### SUPPLIED DATA
· · ·
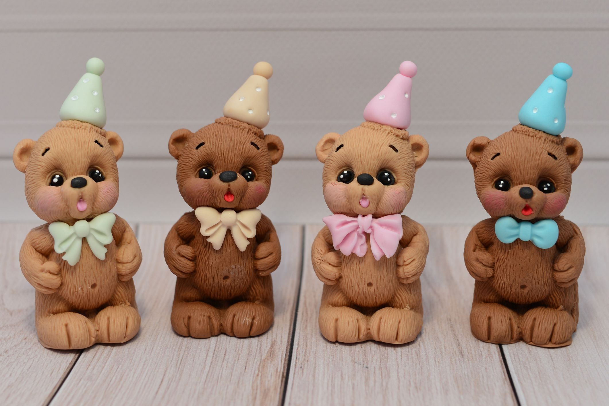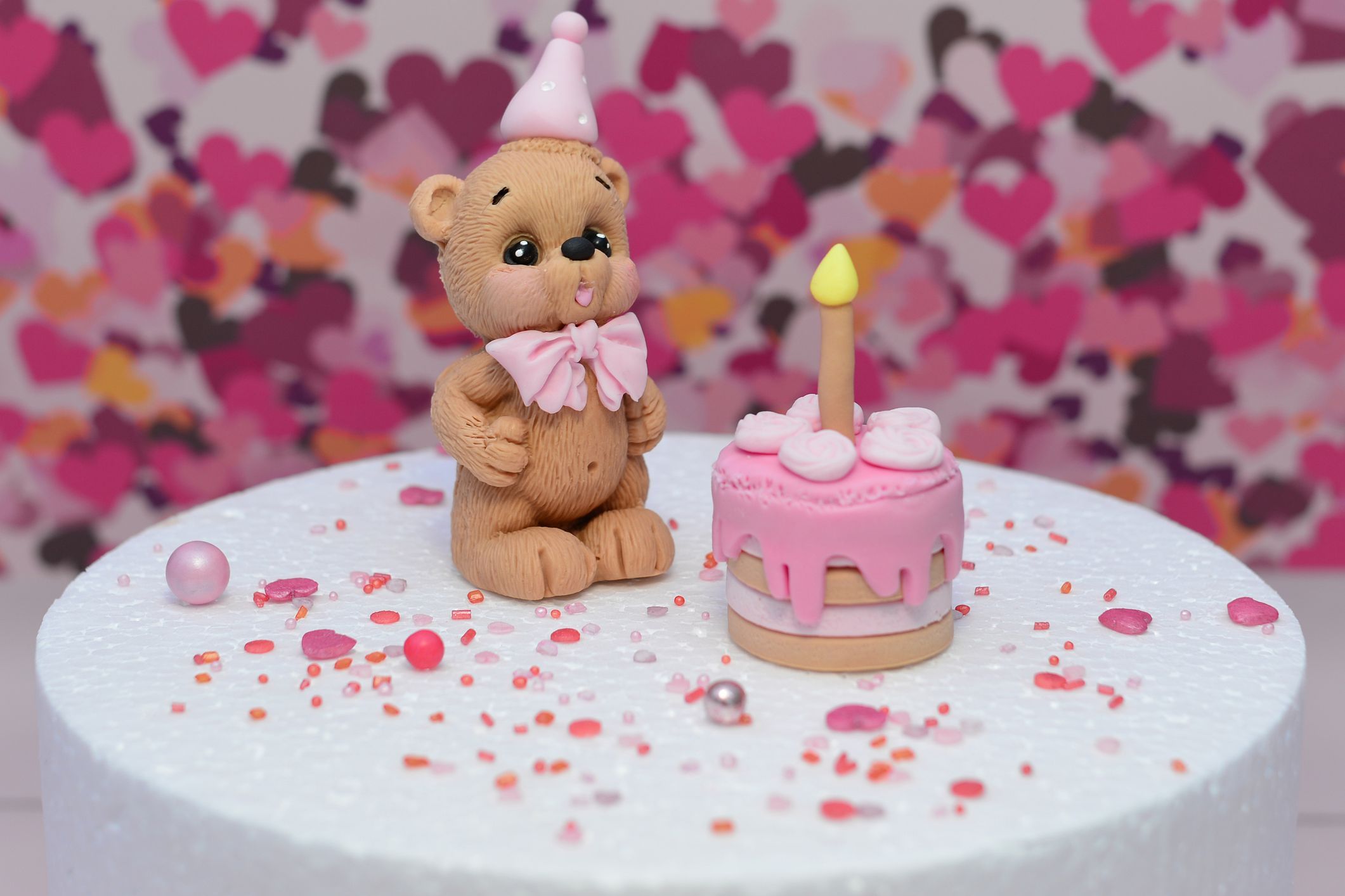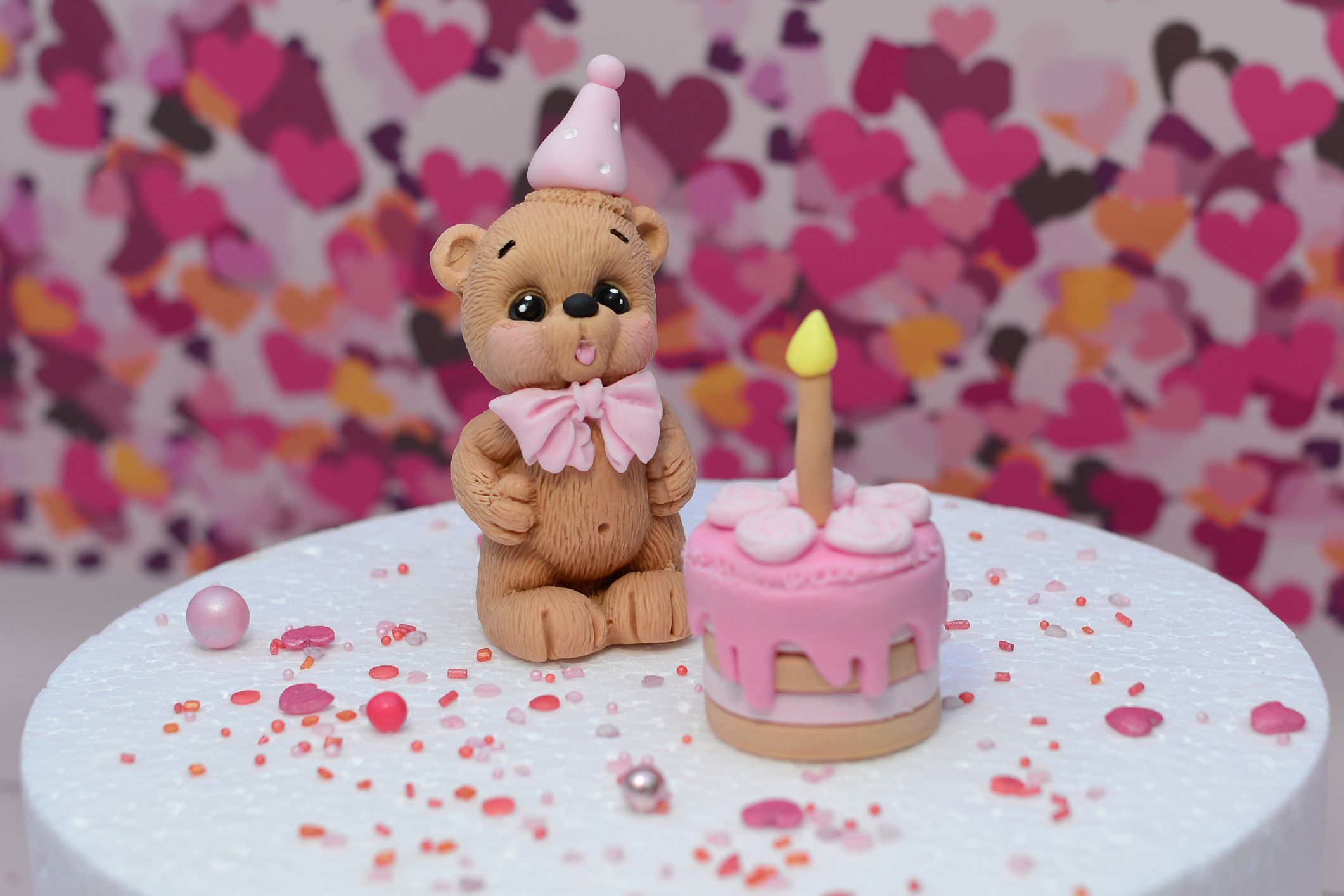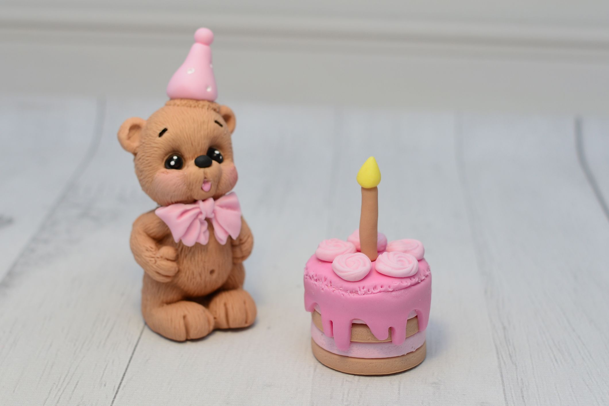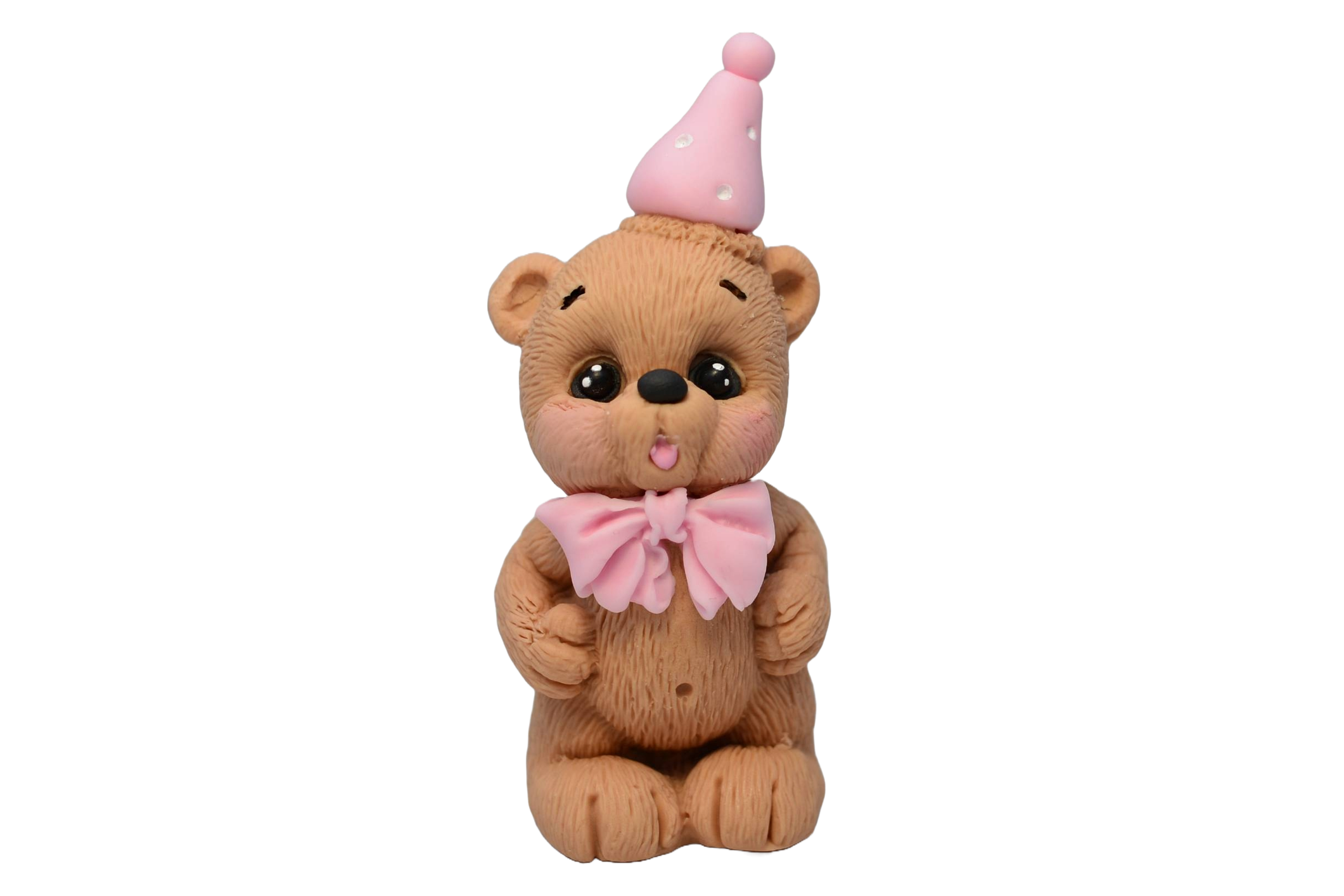 Przedstawiamy uroczego misia w kolorze beżowym, wykonanego z masy cukrowej, który dmucha świeczkę. Figurka ozdobiona jest różową czapeczką urodzinową, co nadaje jej wyjątkowego charakteru. Ta efektowna dekoracja będzie wspaniałym dodatkiem do Twojego tortu – idealnym na każdą okazję, od urodzin po tematyczne przyjęcia.
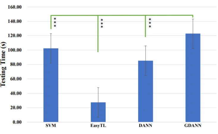 此外,作者也比较了四种模型的测试时间如图8。该图比较了相应模型所需的平均测试时间,带有正负偏差误差线。可以看出,GDANN(122.80 s)比SVM(102.3 s)、EasyTL(27.44 s)和DANN(85.24 s)花费的时间更多。
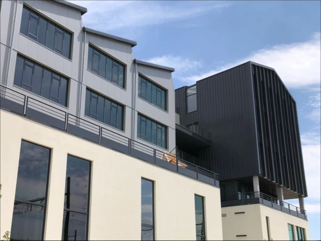 L'immeuble, à l'architecture contemporaine inspirée du passé industriel du quartier, répond aux normes RT 2012 et dispose d'une certification environnementale BREEAM Very Good. Conçu pour le confort et la performance, il est équipé d'un système de rafraîchissement chaud/froid DRV 3 tubes, d'une ventilation double flux, de faux plafonds en dalles minérales et de moquette en dalles plombantes. La fibre optique est installée, et l'accès se fait via un système Vigik sécurisé avec portier vidéo. L'éclairage LED et les détecteurs de présence contribuent à la maîtrise des consommations.
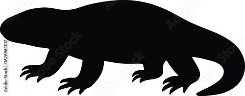 © Nasima, Fototapeta premium Silhouette Monitor lizard reptile animal black shape vector illustrator
· · ·
### TASK PROMPT
The copy should begin at the line containing "L'immeuble, à l'architecture" and end at the last line of the data above; please restate those lines word for word without the pictures.

### COMPLETED EXERCISE
 L'immeuble, à l'architecture contemporaine inspirée du passé industriel du quartier, répond aux normes RT 2012 et dispose d'une certification environnementale BREEAM Very Good. Conçu pour le confort et la performance, il est équipé d'un système de rafraîchissement chaud/froid DRV 3 tubes, d'une ventilation double flux, de faux plafonds en dalles minérales et de moquette en dalles plombantes. La fibre optique est installée, et l'accès se fait via un système Vigik sécurisé avec portier vidéo. L'éclairage LED et les détecteurs de présence contribuent à la maîtrise des consommations.
 © Nasima, Fototapeta premium Silhouette Monitor lizard reptile animal black shape vector illustrator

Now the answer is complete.